I am comparing two CSV files. I need to know which rows match by comparing specific columns. The output needs to be the rows that match.
Data:
CSV 1:
name, age, occupation
Alice,51,accountant
John,23,driver
Peter,32,plumber
Jose,50,doctor
CSV 2:
name, age, occupation
Alice,51,dentist
Ted,43,carpenter
Peter,32,plumber
Jose,50,doctor
Desired Ouput:
Rather than returning a boolean, I would like to output the matching rows when only comparing the name and age columns:
Alice,51,accountant
Alice,51,dentist
Peter,32,plumber
Jose,50,doctor
Code:
I am comparing the two CSVs to see if the columns in the 'columns_to_compare_test' list match. I return a boolean, true or false.
# read two csv files into dataframes
df1 = pd.read_csv('test.csv', sep=',', encoding='UTF-8')

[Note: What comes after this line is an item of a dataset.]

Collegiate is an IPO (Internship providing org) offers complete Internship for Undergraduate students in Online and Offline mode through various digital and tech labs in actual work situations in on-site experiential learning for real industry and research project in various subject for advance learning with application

df2 = pd.read_csv('test2.csv', sep=',', encoding='UTF-8')
# compare only the name and age columns
columns_to_compare_test = ['name', 'age']
# print true or false
print(df1[columns_to_compare_test].equals(df2[columns_to_compare_test]))
# output: false
Thank you.
CodePudding user response:
I'd suggest the following:
import pandas as pd
# load csv
df1 = pd.read_csv('test.csv', sep=',', encoding='UTF-8')
df2 = pd.read_csv('test2.csv', sep=',', encoding='UTF-8')
# look for matching rows
filter = ['name', 'age']
filter = df1[filter].eq(df2[filter]).all(axis=1)

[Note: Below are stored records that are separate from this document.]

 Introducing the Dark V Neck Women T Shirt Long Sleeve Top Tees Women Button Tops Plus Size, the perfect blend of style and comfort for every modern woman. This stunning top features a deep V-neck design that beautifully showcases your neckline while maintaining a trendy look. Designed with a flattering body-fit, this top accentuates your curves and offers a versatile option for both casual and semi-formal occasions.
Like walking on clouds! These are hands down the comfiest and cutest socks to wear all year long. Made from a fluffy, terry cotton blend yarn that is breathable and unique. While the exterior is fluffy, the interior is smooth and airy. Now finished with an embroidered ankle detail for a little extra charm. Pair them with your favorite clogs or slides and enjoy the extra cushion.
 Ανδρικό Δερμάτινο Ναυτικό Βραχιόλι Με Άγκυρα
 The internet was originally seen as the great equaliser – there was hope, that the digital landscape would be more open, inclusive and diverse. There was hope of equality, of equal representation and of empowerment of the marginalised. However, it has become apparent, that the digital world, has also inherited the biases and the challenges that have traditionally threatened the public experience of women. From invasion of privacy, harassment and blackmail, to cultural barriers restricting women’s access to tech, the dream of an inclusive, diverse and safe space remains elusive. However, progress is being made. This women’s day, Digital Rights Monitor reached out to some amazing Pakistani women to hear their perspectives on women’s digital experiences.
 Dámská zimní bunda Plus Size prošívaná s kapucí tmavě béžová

df1 = df1[filter].append(df2[filter])
# remove duplicates e.g. Jose
df1 = df1.drop_duplicates()
print(df1.head())
You are using equals to check if the row is in the other df on an element basis. all()

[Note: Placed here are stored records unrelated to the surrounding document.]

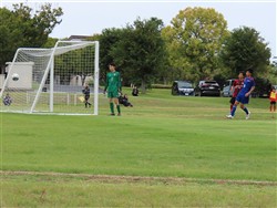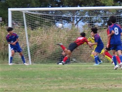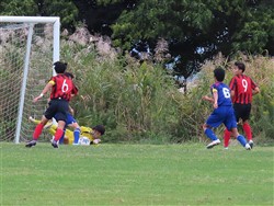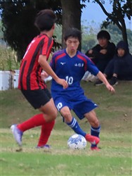 守りのかなめのトミー、得点をねらってドリブルをしかけます
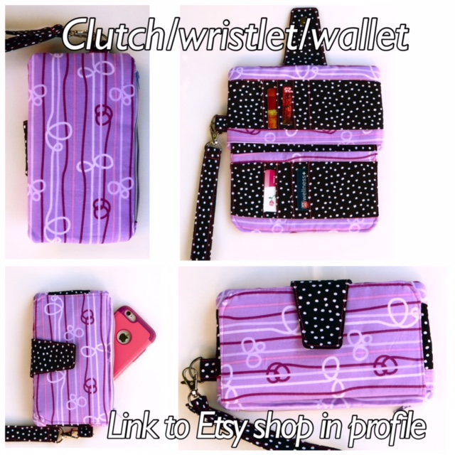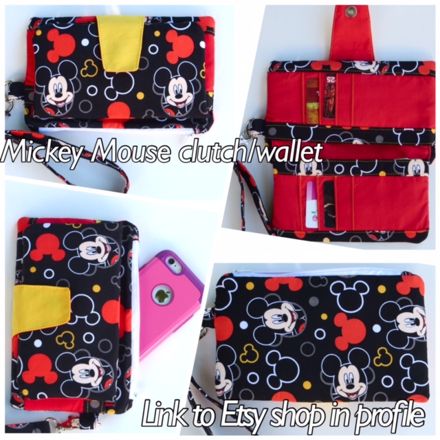 Wristlet/WalletI hope you'll click the links under the photos to check them out in more detail on the Etsy shop! I've loved making these! I'm pretty sure I'm going to make a clutch/wallet to match the Minnie Mouse cross body bag. But now I have to get back to sewing!! New tote bag in progress today. :)
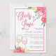 Eleganten och det moderna inbjudningskort för möhippan för vin älskare har genomskinliga, färgstarka vattenfärgade blommor och två klinkglas av rosé vin. "Cheers to Kärlek" visas i handskrivet skript av rosa. Anpassa med din möhippa-information eleganten blue-grått-bokstäver. Kort på baksidan till fuchsia rosa och vitt rand.
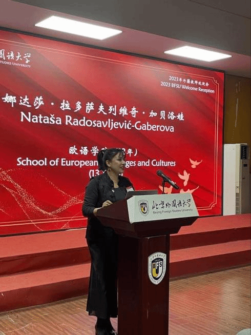塞尔维亚语教师Natasa作为获奖教师代表发表了感言,讲述了自己与北外的情缘以及在北外工作13年的心得体会,表达了继续为北外建设发展、推动中外交流做出贡献的意愿。
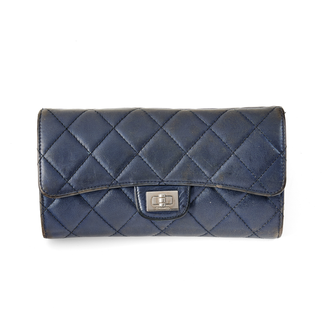 iridescent blue leather, iridescent leather interior. One bill compartment, six card slots, one coin pocket with snap button closure, four slip pockets. Flap with snap button closure and one rear patch pocket. Silver-tone metal hardware.

will make sure, that both age
and name
match.
You can finally use the resulting series to select the relevant rows in both dfs and append them. This will result in the following output:
name age occupation
0 Alice 51 accountant
2 Peter 32 plumber
3 Jose 50 doctor
0 Alice 51 dentist
Please let me know, if you wanted to achieve a different effect.